- [PROMPT]:
Copy nothing from the entries below except the lines from the one containing "9ct Yellow Gold" through the one containing "Christmas, winter, multiplayers", and copy those exactly.

- [DATA]:
------------
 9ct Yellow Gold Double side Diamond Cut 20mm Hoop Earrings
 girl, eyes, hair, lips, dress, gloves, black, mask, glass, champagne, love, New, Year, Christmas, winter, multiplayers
------------
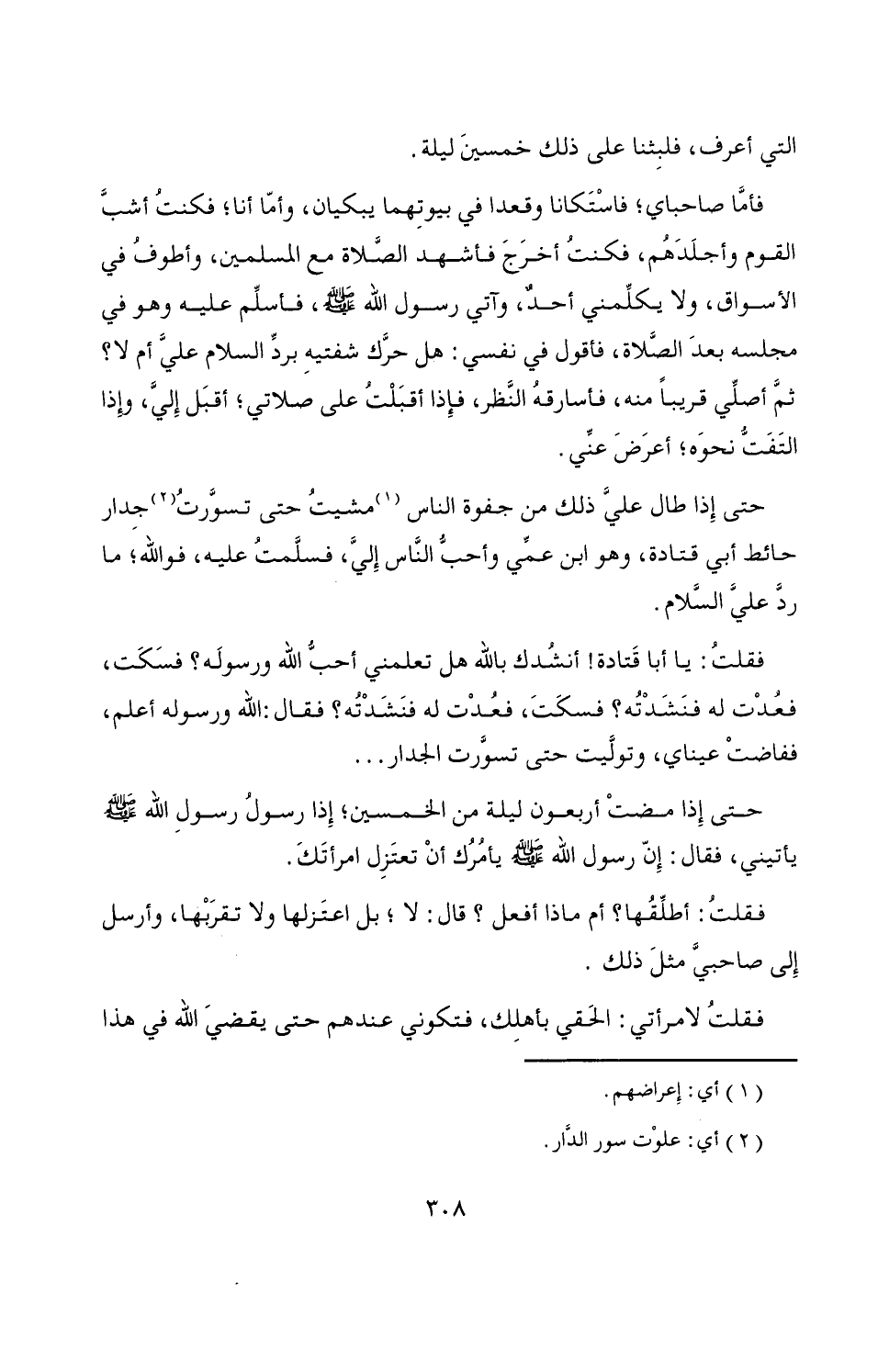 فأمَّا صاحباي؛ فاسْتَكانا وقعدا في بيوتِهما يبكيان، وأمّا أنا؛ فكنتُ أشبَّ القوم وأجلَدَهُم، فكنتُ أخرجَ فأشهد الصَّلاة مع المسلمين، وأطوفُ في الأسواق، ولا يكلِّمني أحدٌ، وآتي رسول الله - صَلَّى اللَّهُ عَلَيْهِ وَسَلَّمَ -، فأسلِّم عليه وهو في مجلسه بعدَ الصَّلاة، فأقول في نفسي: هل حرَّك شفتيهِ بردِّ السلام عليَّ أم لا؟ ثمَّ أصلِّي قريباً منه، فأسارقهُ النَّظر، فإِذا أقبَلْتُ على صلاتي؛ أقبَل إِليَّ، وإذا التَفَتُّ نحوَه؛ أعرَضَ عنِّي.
------------
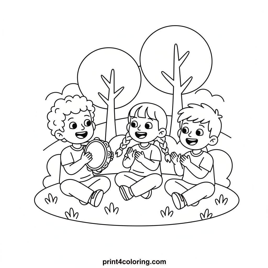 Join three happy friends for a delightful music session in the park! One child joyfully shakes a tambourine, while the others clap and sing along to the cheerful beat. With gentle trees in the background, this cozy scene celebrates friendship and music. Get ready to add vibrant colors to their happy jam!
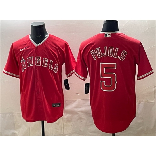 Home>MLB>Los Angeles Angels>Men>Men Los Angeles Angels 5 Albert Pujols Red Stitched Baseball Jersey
------------
- [RESPONSE AREA]:
 9ct Yellow Gold Double side Diamond Cut 20mm Hoop Earrings
 girl, eyes, hair, lips, dress, gloves, black, mask, glass, champagne, love, New, Year, Christmas, winter, multiplayers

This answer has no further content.